C............................. If switch equal to 0 use winter normalized emissions IF( SWITCH_FILE ) THEN IF( SWITCH( I,J ) == 0 ) THEN SEMIS( I, J, 1:NSEF ) = & AVGEMIS( I, J, 1:NSEF , NWINTER ) .........

was modified to (~ line 1048 in updated tmpbeis4.f. Note how I and J loop was switched, and also a reminder that Fortran is column-major):
                    DO J = 1, NROWS
                    DO I = 1, NCOLS

                        IF( SWITCH( I,J ) == 0 ) THEN
                            SEMIS( I, J, 1:NSEF   ) =
 &                              AVGEMIS( I, J, 1:NSEF  , NWINTER )
                                 .........

3.  Check for failure when getting environment-variable (e.g., ENVINT). For example, the following check was added for getting environment-variable 'OUTZONE' (line 247 in original tmpbeis4.f)
    TZONE = ENVINT( 'OUTZONE', 'Output time zone', 0, IOS )
    IF ( IOS .GT. 0 ) THEN
        CALL M3EXIT( PROGNAME,0,0, 'Bad env vble "OUTZONE"', 2 )
    END IF

4. Introduction of `USE M3UTILIO` statement in place of using INCLUDE IOAPI's include file (e.g., PARMS3.EXT, FDESC3.EXT, IODECL3.EXT) which would simplify downstream variable declarations and cross-module dependency.   

5. Carlie also added a code block for unit conversion from mole/hr to mole/s (~ lines 1001 - 1010 in updated tmpbeis4.f).
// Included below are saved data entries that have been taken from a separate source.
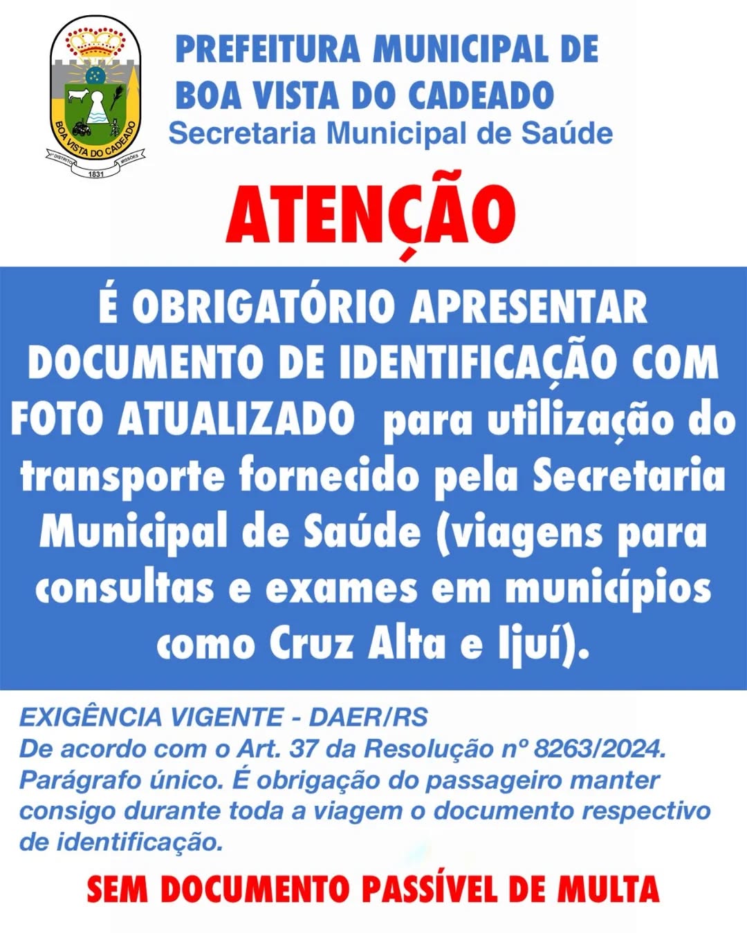 A prefeitura de Boa Vista do Cadeado chama atenção que para utilizar o transporte fornecido pela secretaria municipal de Saúde, destinado a pacientes que fazem exames e consultas em municípios como Cruz Alta e Ijuí, é obrigatório apresentar documento com foto atualizado. Passageiros sem documento poderão ter o embarque negado. Além disso, o transporte fica sujeito à multa em caso de falta de documentação do passageiro. Trata-se de determinação do Daer – Departamento Autônomo de Estradas de Rodagem.
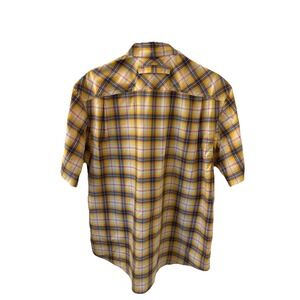 Duluth Trading Button Down Shirt Mens Size Medium Yellow Short Sleeve Polyester
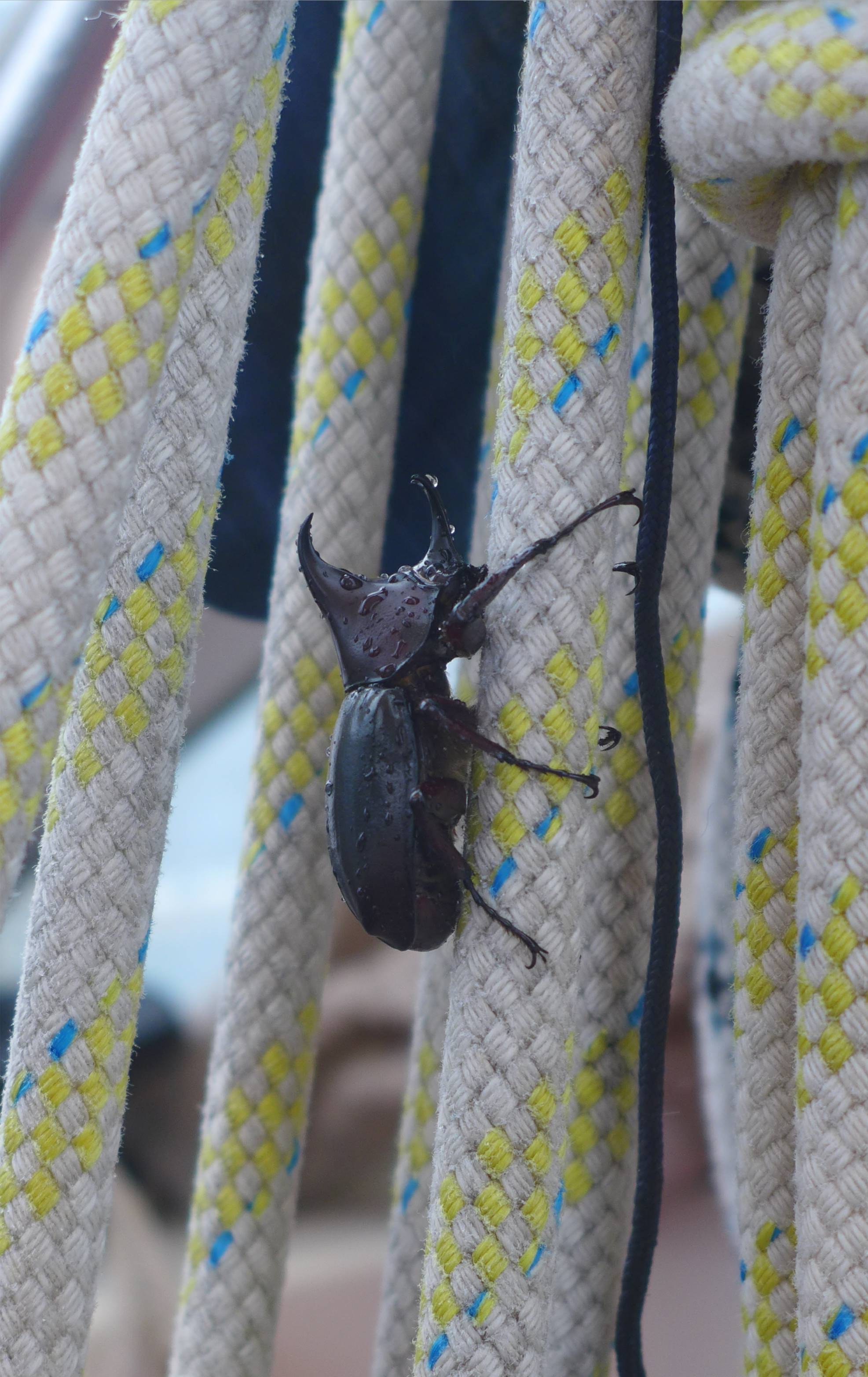 Viel früher als gedacht machen wir Bekanntschaft mit dem Riesenkäfer, dem Kokosnussschädling mit dem Nashorn. Er sitzt an unserer Großschot und faucht. So sehr, dass ich dachte das Dinghi hätte ein Loch. Ganz schön groß so ein Vieh, etwa 4 cm. Sehr interessant, ich schaue ihn mir genau an, aber dann muss er ausziehen, wir wollen ihn nicht an Bord haben.

This could be a typo since this unit conversion was taken care of elsewhere in later section of tmpbeis4. Furthermore, it is more efficient to just make `MLFAC = MLFAC * HR2SEC` rather than putting `MLFAC` in double loops.
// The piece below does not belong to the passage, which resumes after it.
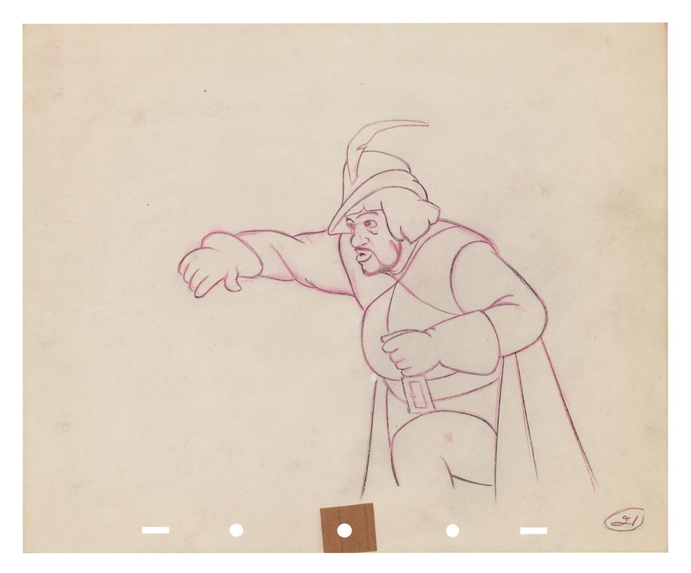 (Walt Disney Studios, 1937) Scarce original production drawing of The Huntsman from Snow White and the Seven Dwarfs, depicting the hunter in a kneeling pose measuring 8 x 7. Accomplished in graphite and colored pencil on untrimmed 12 x 10 animation paper marked "21" in the lower right corner. In fine condition, with a short chip along the top edge. The Huntsman remains a decidedly uncommon Disney character, as he appears only briefly in Snow White.

C............ Convert to moles/second if necessary

    IF ( UNITTYPE .EQ. 2 ) THEN
        DO L = 1, MSPCS
        DO K = 1, NSEF
            MLFAC( L, K ) = HR2SEC * MLFAC( L, K )
        END DO
        END DO
    END IF
hnqtran commented 5 months ago

Testing of tmpbeis4 with and without update, surprisingly, did not show improvement in the execution time. Note that the test was conducted on a SMOKE training package over LISTOS domain (25 row x 25 col). Observable improvement in execution time could be expected for larger domain.

Using m3diff tool to compare emis_mole* output files initially showed significantly lower emissions in the output files with updated tmpbeis4. This was later found to be caused by the double unit conversion in the updated tmpbeis4 (item 5 in comment above). After this double unit conversion was removed, differences between the outputs are < 0.1% which are in acceptable range.

eyth commented 5 months ago

Huy, can you consider running this on the full 12US2 or 12US1 domain instead of the 25x25?

On Thu, Jan 11, 2024 at 9:20 AM Huy Tran @.***> wrote:

Testing of tmpbeis4 with and without update, surprisingly, did not show improvement in the execution time. Note that the test was conducted on a SMOKE training package over LISTOS domain (25 row x 25 col). Observable improvement in execution time could be expected for larger domain.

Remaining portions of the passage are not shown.